TASK BRIEF:
Reproduce the opening lines of the listing below exactly, stopping after the line that contains "Từ trái sang" and leaving out any pictures.

LISTED ENTRIES:
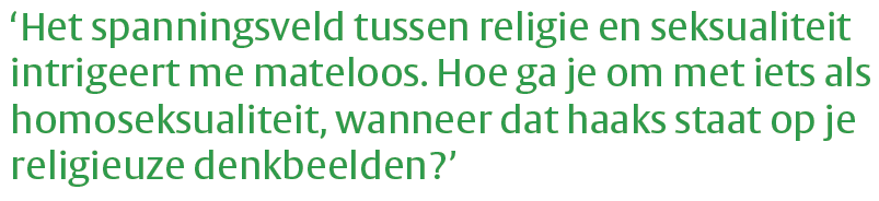 ‘Of die twee films over homoseksualiteit typisch het navelstaren van mijn generatie is? Ik geloof van niet, ik denk dat het niet anders kan dan dat je eerste film altijd heel dicht bij je zelf ligt. Als je jong bent zoals ik ben je nog niet goed in staat om dingen meta te duiden. Maar mijn derde film gaat waarschijnlijk over een lesbienne en haar zus die moslima werd. Dat is echt een nieuwe wereld voor me, iets dat ver van me af staat.’ Lachend: ‘Want ik om nou te zeggen dat ik veel met vrouwen heb…’
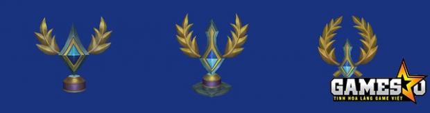 Từ trái sang phải, từ trên xuống dưới thể hiện đấu Xếp Hạng đơn, 3v3 và 5v5 ở các cấp bậc Đồng, Bạc, Vàng, Bạch Kim, Kim Cương, Cao Thủ và Thách Đấu (có tới chín biểu tượng khác nhau dành riêng cho những người chơi đứng đầu máy chủ).
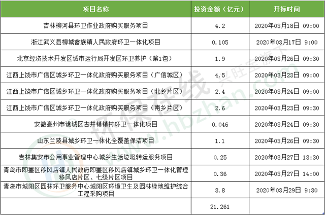 環(huán)保在線關(guān)注環(huán)衛(wèi)市場動態(tài)時(shí)發(fā)現(xiàn),短短幾天時(shí)間,招標(biāo)市場就聚集了多個(gè)環(huán)衛(wèi)相關(guān)標(biāo)的,項(xiàng)目總投資額高達(dá)21億元。
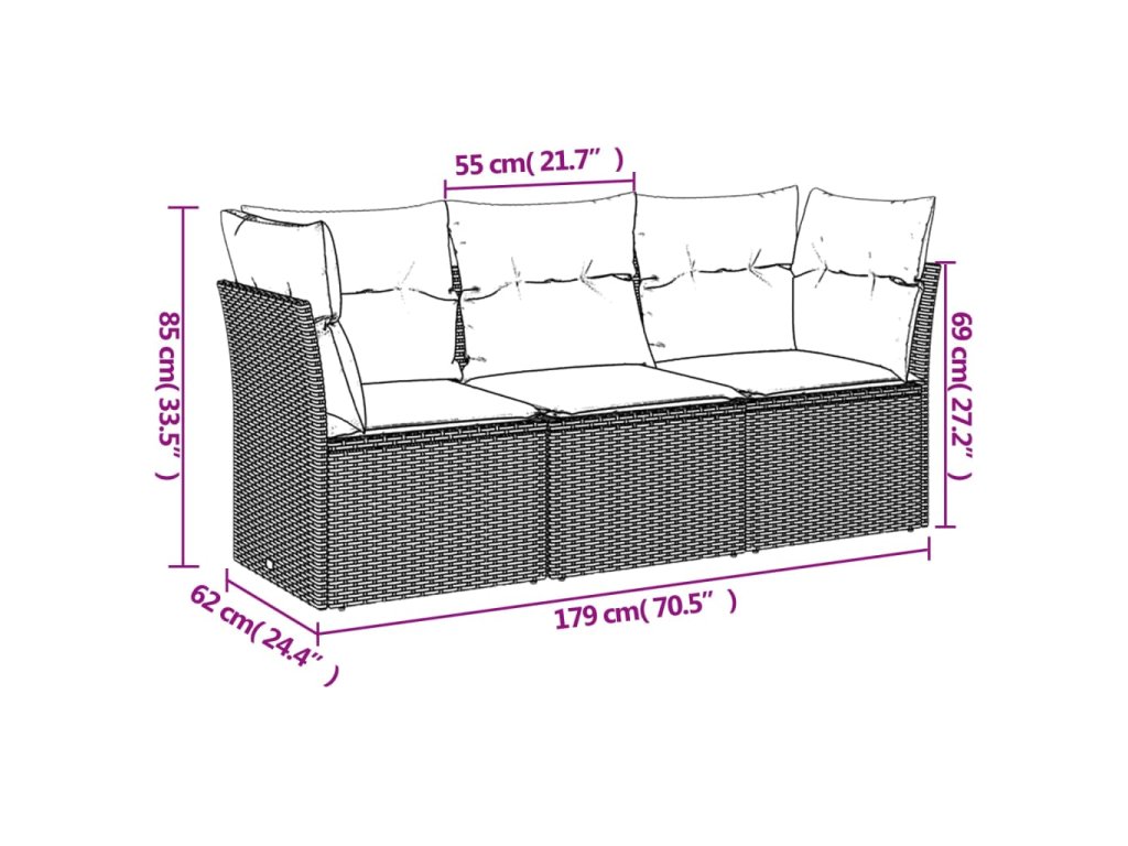 Tato zahradní sedací souprava je dokonalým doplňkem vaší zahrady, terasy nebo dvorku a poskytne vám pohodlné a příjemné místo, kde si můžete povídat s rodinou a přáteli nebo jen tak odpočívat a užívat si pobyt venku.
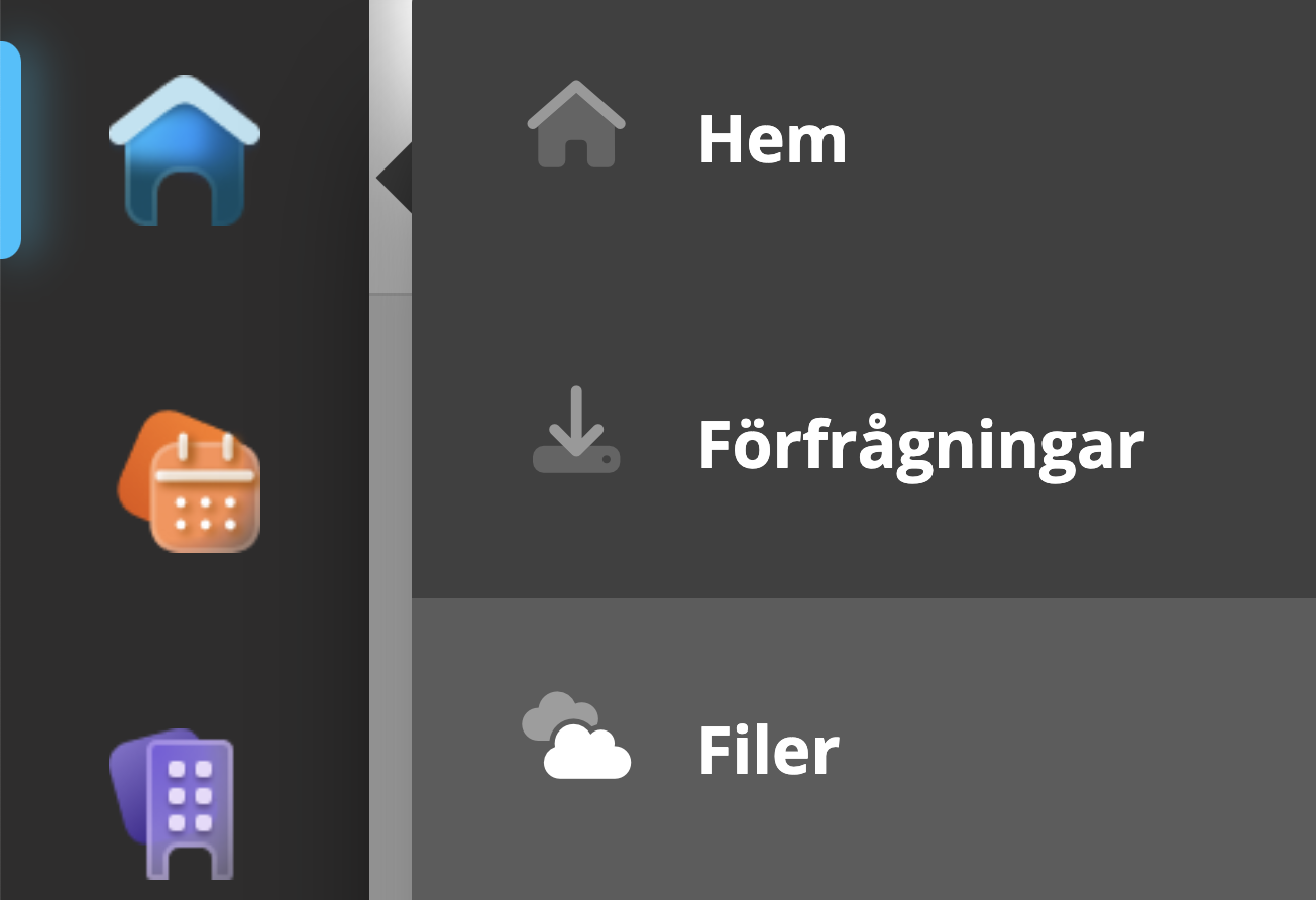 - Företagsfiler – Låter dig se filer som sparats till ett kund- eller projektkort. Du behöver söka på kunden eller projektet.

RESPONSE:
 ‘Of die twee films over homoseksualiteit typisch het navelstaren van mijn generatie is? Ik geloof van niet, ik denk dat het niet anders kan dan dat je eerste film altijd heel dicht bij je zelf ligt. Als je jong bent zoals ik ben je nog niet goed in staat om dingen meta te duiden. Maar mijn derde film gaat waarschijnlijk over een lesbienne en haar zus die moslima werd. Dat is echt een nieuwe wereld voor me, iets dat ver van me af staat.’ Lachend: ‘Want ik om nou te zeggen dat ik veel met vrouwen heb…’
 Từ trái sang phải, từ trên xuống dưới thể hiện đấu Xếp Hạng đơn, 3v3 và 5v5 ở các cấp bậc Đồng, Bạc, Vàng, Bạch Kim, Kim Cương, Cao Thủ và Thách Đấu (có tới chín biểu tượng khác nhau dành riêng cho những người chơi đứng đầu máy chủ).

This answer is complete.